- **What to work on**
Transcribe the records exactly. Pictures do not belong in the transcription.

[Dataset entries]

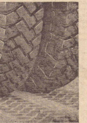
pela marca está se vendo:

Dezenas de animais são diariamente presos pelos funcionários da municipalidade, tais como cabras, cavalos, bois, cachorros, etc.
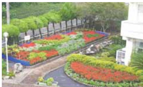
【全校で花壇づくり】

萩間小学校では、全校の力を合わせて花壇づくりに取り組んでいます。まず、五、六年生の「花いっぱい委員会」の子どもと職員が種をまきます。うまく発芽させられるか、そしてその苗を小さなポットにうまく仮植できるかなど、難しい課題に細心の注意を払いながら心を込めて育てています。ボランティア活動を通して、学校中の子どもたちが愛情と時間をかけて育てた苗が、やがて美しく花を咲かせる様子に生命の大切さを学んでいます。 萩間小学校長は、今回の受賞について「これからも花を愛する心、真心を込めて丁寧にかかわる心、命を大切にする心を、花壇づくりを通して大切に育てていきたいと思えます。」と話してくれました。
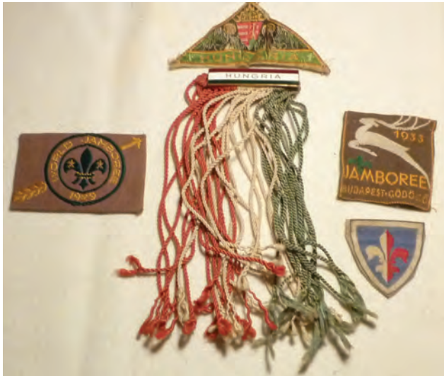
44. kép: Cserkészjamboree-émlékek: Dánia (1924), Anglia (1929), Gödöllő (1933) Memorabilia from scout jamborees: Denmark (1924), England (1929), and Gödöllő (1933)
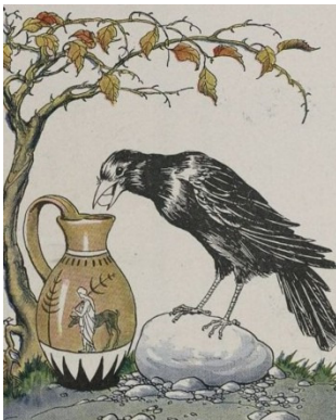
伊索寓言中的《烏鴉和水罐》故事提醒我們創造力的價值。
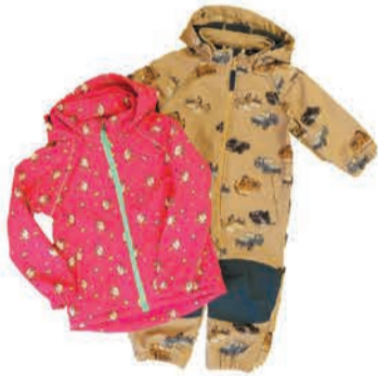
Laste joped ja kombinesoonid
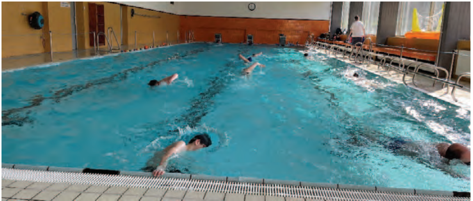
(Bahnen Ziehen beim Sponsorenschwimmen)

- **Response to this exercise**
pela marca está se vendo:

Dezenas de animais são diariamente presos pelos funcionários da municipalidade, tais como cabras, cavalos, bois, cachorros, etc.
【全校で花壇づくり】

萩間小学校では、全校の力を合わせて花壇づくりに取り組んでいます。まず、五、六年生の「花いっぱい委員会」の子どもと職員が種をまきます。うまく発芽させられるか、そしてその苗を小さなポットにうまく仮植できるかなど、難しい課題に細心の注意を払いながら心を込めて育てています。ボランティア活動を通して、学校中の子どもたちが愛情と時間をかけて育てた苗が、やがて美しく花を咲かせる様子に生命の大切さを学んでいます。 萩間小学校長は、今回の受賞について「これからも花を愛する心、真心を込めて丁寧にかかわる心、命を大切にする心を、花壇づくりを通して大切に育てていきたいと思えます。」と話してくれました。
44. kép: Cserkészjamboree-émlékek: Dánia (1924), Anglia (1929), Gödöllő (1933) Memorabilia from scout jamborees: Denmark (1924), England (1929), and Gödöllő (1933)
伊索寓言中的《烏鴉和水罐》故事提醒我們創造力的價值。
Laste joped ja kombinesoonid
(Bahnen Ziehen beim Sponsorenschwimmen)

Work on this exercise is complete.